WHAT THE TASK REQUIRES
Please return all lines of the data below containing the string "with".

- Opening Delimiter -

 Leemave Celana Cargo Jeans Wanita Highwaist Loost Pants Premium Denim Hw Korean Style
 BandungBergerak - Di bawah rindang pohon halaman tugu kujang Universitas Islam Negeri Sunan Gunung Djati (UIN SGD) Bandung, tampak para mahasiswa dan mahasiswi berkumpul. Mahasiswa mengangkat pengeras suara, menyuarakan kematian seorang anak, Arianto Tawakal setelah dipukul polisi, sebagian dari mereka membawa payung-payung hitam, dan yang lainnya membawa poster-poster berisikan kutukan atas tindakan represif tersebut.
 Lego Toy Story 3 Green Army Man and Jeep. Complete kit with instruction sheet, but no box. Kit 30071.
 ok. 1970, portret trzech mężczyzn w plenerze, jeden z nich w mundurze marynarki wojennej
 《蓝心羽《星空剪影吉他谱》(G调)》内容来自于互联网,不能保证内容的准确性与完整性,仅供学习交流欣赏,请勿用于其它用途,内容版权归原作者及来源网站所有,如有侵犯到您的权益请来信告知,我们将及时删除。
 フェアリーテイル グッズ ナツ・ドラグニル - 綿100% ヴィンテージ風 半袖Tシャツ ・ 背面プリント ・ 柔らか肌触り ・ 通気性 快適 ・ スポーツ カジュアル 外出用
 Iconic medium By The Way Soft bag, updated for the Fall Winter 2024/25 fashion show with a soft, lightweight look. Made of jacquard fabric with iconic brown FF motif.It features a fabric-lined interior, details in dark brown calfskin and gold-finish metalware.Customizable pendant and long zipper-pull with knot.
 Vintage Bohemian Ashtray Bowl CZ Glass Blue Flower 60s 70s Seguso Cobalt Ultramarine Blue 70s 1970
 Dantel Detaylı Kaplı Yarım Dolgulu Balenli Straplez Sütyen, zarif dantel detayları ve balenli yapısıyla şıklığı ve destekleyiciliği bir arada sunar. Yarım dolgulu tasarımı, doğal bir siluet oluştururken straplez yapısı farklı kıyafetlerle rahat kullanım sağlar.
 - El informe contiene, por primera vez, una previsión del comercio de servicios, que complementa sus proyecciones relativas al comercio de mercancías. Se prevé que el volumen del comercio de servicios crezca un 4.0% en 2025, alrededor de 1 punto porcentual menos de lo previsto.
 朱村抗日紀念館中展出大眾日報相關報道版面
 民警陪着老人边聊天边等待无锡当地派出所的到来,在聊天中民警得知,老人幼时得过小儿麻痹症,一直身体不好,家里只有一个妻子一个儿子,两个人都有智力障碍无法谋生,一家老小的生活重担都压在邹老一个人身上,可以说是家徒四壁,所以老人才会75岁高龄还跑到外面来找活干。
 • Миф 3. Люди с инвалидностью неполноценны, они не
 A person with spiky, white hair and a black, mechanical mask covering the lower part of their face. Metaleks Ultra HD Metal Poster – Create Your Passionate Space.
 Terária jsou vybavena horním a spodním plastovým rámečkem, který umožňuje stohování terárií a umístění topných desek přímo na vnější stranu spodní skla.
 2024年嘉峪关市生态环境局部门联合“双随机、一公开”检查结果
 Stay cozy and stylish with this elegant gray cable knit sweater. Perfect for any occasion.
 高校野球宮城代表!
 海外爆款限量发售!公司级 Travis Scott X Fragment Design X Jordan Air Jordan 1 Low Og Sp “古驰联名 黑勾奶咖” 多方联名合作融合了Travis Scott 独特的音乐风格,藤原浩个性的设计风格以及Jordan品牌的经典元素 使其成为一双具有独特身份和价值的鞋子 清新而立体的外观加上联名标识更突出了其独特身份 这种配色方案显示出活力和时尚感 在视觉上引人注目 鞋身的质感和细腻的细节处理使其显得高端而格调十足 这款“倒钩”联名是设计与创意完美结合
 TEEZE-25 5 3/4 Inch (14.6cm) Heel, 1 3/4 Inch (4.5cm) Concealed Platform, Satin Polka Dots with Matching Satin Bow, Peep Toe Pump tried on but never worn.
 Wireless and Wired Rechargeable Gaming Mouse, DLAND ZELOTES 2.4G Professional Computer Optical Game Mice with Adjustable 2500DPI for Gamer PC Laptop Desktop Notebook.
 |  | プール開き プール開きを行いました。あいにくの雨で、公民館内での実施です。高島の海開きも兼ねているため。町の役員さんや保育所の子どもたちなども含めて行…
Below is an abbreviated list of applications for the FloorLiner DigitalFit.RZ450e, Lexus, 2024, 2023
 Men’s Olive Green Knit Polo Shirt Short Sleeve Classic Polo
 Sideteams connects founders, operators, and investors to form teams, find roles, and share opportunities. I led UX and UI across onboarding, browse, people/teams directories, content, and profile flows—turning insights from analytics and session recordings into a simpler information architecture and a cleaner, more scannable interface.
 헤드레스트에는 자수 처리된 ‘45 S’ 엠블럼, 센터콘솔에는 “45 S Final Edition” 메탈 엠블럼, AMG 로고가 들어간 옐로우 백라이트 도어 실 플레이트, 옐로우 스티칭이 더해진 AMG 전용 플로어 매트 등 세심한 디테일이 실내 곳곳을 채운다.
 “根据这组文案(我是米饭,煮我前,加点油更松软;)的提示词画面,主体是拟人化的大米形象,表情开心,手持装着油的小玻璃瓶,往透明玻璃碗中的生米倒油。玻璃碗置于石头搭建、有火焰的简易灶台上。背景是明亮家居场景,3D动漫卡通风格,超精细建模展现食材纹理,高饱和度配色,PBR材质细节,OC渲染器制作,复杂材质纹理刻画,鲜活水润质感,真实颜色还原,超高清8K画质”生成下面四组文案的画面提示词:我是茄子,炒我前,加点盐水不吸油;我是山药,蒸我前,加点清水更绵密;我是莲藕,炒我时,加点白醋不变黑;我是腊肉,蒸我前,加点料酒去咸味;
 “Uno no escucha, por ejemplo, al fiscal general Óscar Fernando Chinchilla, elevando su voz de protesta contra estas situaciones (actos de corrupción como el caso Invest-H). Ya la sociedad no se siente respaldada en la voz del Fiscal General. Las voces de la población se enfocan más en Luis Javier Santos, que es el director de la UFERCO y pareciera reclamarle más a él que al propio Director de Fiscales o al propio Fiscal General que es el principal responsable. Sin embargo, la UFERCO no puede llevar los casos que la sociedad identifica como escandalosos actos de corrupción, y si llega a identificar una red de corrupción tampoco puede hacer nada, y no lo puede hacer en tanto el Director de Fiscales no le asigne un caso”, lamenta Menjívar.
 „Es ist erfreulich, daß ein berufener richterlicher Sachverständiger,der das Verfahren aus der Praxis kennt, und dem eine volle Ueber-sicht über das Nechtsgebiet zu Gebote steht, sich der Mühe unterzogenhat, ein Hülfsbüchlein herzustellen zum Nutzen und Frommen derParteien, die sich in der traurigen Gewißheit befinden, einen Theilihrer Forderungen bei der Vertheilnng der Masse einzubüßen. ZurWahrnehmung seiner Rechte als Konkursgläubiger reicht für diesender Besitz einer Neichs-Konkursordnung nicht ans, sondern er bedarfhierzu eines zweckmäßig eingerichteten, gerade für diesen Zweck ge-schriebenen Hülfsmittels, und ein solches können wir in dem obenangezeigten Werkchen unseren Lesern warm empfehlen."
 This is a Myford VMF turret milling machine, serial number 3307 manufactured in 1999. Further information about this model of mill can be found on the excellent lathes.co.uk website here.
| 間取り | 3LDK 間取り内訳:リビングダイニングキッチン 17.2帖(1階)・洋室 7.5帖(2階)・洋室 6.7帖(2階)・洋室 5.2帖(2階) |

- Closing Delimiter -

THE ANSWER
 Lego Toy Story 3 Green Army Man and Jeep. Complete kit with instruction sheet, but no box. Kit 30071.
 Iconic medium By The Way Soft bag, updated for the Fall Winter 2024/25 fashion show with a soft, lightweight look. Made of jacquard fabric with iconic brown FF motif.It features a fabric-lined interior, details in dark brown calfskin and gold-finish metalware.Customizable pendant and long zipper-pull with knot.
 A person with spiky, white hair and a black, mechanical mask covering the lower part of their face. Metaleks Ultra HD Metal Poster – Create Your Passionate Space.
 Stay cozy and stylish with this elegant gray cable knit sweater. Perfect for any occasion.
 TEEZE-25 5 3/4 Inch (14.6cm) Heel, 1 3/4 Inch (4.5cm) Concealed Platform, Satin Polka Dots with Matching Satin Bow, Peep Toe Pump tried on but never worn.
 Wireless and Wired Rechargeable Gaming Mouse, DLAND ZELOTES 2.4G Professional Computer Optical Game Mice with Adjustable 2500DPI for Gamer PC Laptop Desktop Notebook.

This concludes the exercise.